WORK INSTRUCTIONS ->
Would you please repeat exactly the entries below, starting at the line with "中国对于新冠肺炎疫情,采取的" and ending at the line with "The second half", and nothing outside that range? Leave out the pictures.
Start of RECORD SET
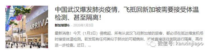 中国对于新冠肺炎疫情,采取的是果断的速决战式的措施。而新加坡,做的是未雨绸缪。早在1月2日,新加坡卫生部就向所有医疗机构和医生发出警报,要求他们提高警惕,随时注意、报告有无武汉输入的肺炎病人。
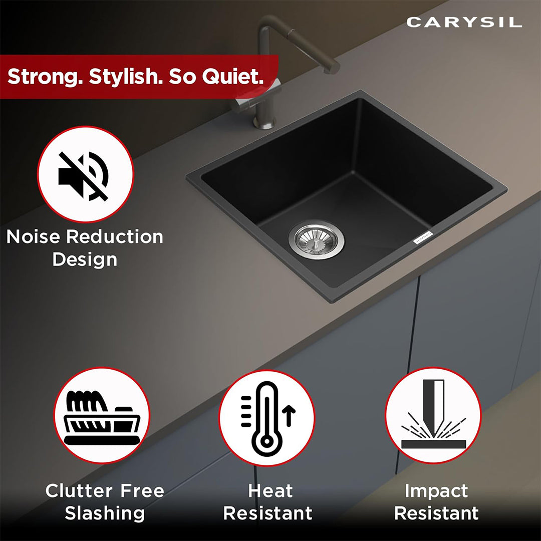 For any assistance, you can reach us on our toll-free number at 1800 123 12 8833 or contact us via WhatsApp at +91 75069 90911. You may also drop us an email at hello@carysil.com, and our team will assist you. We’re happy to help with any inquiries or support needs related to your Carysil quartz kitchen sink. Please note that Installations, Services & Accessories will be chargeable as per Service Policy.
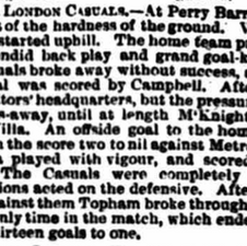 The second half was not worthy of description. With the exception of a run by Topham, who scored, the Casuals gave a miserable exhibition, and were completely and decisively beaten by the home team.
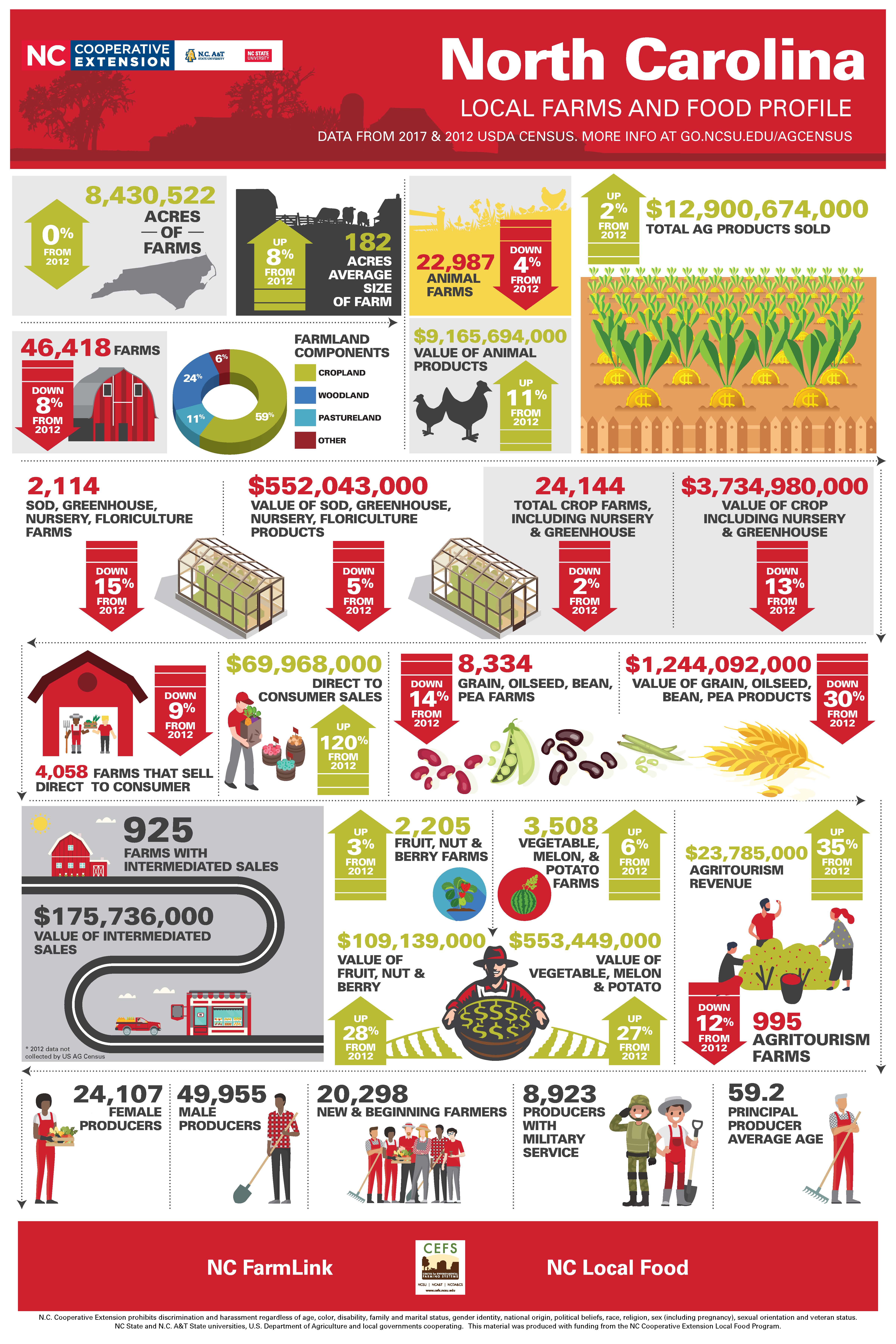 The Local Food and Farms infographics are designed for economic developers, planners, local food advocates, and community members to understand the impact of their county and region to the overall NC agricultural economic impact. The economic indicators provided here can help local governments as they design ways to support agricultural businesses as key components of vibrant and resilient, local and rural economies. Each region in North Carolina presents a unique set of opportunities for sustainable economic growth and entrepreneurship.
End of RECORD SET
Start of RECORD SET
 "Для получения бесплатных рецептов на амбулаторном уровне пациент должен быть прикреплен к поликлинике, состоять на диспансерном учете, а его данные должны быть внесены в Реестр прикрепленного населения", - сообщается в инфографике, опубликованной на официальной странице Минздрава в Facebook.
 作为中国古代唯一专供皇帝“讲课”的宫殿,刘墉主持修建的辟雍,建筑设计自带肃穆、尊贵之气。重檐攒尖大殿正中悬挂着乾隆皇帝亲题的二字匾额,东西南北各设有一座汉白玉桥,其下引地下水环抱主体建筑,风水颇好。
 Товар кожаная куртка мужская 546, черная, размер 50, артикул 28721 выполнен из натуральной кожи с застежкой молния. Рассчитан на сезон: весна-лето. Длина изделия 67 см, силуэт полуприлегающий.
End of RECORD SET
RESPONSE ->
 中国对于新冠肺炎疫情,采取的是果断的速决战式的措施。而新加坡,做的是未雨绸缪。早在1月2日,新加坡卫生部就向所有医疗机构和医生发出警报,要求他们提高警惕,随时注意、报告有无武汉输入的肺炎病人。
 For any assistance, you can reach us on our toll-free number at 1800 123 12 8833 or contact us via WhatsApp at +91 75069 90911. You may also drop us an email at hello@carysil.com, and our team will assist you. We’re happy to help with any inquiries or support needs related to your Carysil quartz kitchen sink. Please note that Installations, Services & Accessories will be chargeable as per Service Policy.
 The second half was not worthy of description. With the exception of a run by Topham, who scored, the Casuals gave a miserable exhibition, and were completely and decisively beaten by the home team.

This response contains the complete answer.